Las veleidades de la medicina son para volver locos a cocineros de nervios no bien templados. Hace algunas décadas, los galenos nos aterrorizaban con los peligros de ese par de bestias feroces, la vaca y la gallina ponedora, que amenazaban nuestras arterias con colesteroles y otros mortíferos venenos recientemente inventados.
¡Qué doloroso nos resultó renunciar a esos huevos a la crema que nos daba la abuela! Se ponía dos buenas cucharadas, bien copetonas, de crema ligeramente aliñada con sal en un “
ramequin”, se quebraba encima un huevo grande, soberbio, se lo sazonaba con sal y pimienta blanca y, encima, un gran zurungo de mantequilla; se lo ponía al horno en bañomaría con cálculo exquisito de los tiempos de cocción: cuajaba la clara y la yema quedaba líquida. ¡Ah, qué fiesta!
¡Y esos quesos mantecosísimos que nuestro abuelo compraba en el Club o en la sacrosanta fiambrería de Roncallo, de calle Catedral! Era toda una larga y civilizada conversación con el signor Roncallo, mechada con apruebes de quesos, toqueteos de este y aquel, comentarios sobre texturas, sabores y posibles usos. Largos intercambios de datos, recetas, secretos.
Qué decir del ignominioso destierro que sufrieron de nuestras cocinas algunas maravillosas salsas, como la holandesa, que se hace con mantequilla y yemas, o la “
mousseline”, que es la holandesa adicionada de crema batida: pocas cosas más delicadas para acompañar una corvina, por ejemplo.
Mugidos y cacareos llegaron a erizar los pelos de las madamas, y a ponerles la carne, muy a su pesar, “de gallina”. Se consideraba más seguro el rugido de algún león africano, o la risotada de las hienas. ¿Y todo para qué? Pues para que ahora nos salgan con que los huevos son uno de los alimentos príncipes de la naturaleza, rico en proteínas y con estas y aquellas propiedades. Y que la mantequilla está dotada de una cantidad tan admirable de vitaminas que agotan, casi, el abecedario, en tanto que las margarinas —todas— son unas bombas de cancerígenos y otras porquerías, cosa de la que ya sospechábamos por aquel infame sabor que tenían. “De todo un poco, de nada mucho”, decían las sabias viejas de entonces. Y se morían contentas y en paz con la vida. Si carece Usía de terrores culinarios, hágase este plato delicioso.

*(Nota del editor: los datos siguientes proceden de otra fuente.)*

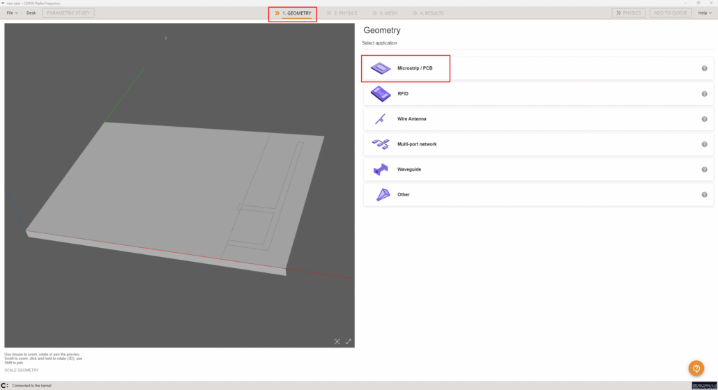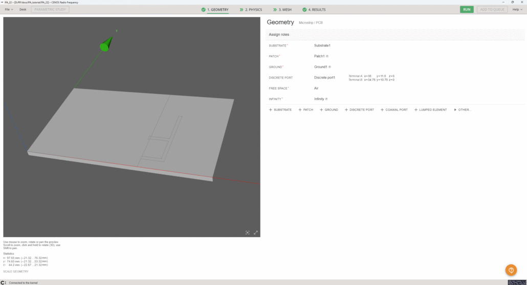 Select STEP files of your antenna and click Open to import them into CENOS.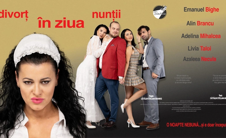Cătălin și Petra aduc la Zürich spectacolul „Divorț în Ziua Nunții”, interpretat de cinci actori extraordinari, cunoscuți pentru energia lor și jocul scenic impecabil: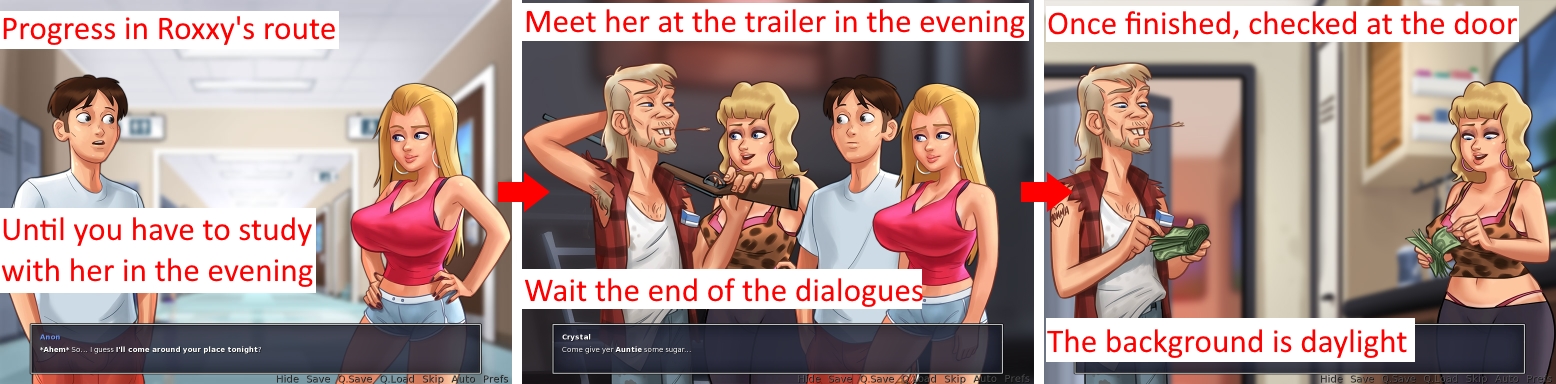 1. Progress in Roxxy's route until she asks the main character to meet her in the evening at the trailer

Huevos a la borgoñonaPonga en una cacerola un cuarto de litro de agua y medio litro de muy buen vino tinto. Sal, pimienta, 3 dientes de ajo, 3 chalotas, ramita de estragón fresco, todo picado finamente. Hierva esto y reduzca a dos tercios de su volumen. Cuele esta salsa y resérvela. Corte 100 gr de tocino en dados, rehóguelos en poco aceite, repártalos en 6 “ramequins”, quiebre encima de cada uno 2 huevos, cubra con la salsa. Hornee a bañomaría hasta que las claras estén cuajadas y las yemas, todavía líquidas. Retire del horno y sirva de inmediato, con marraqueta fresca.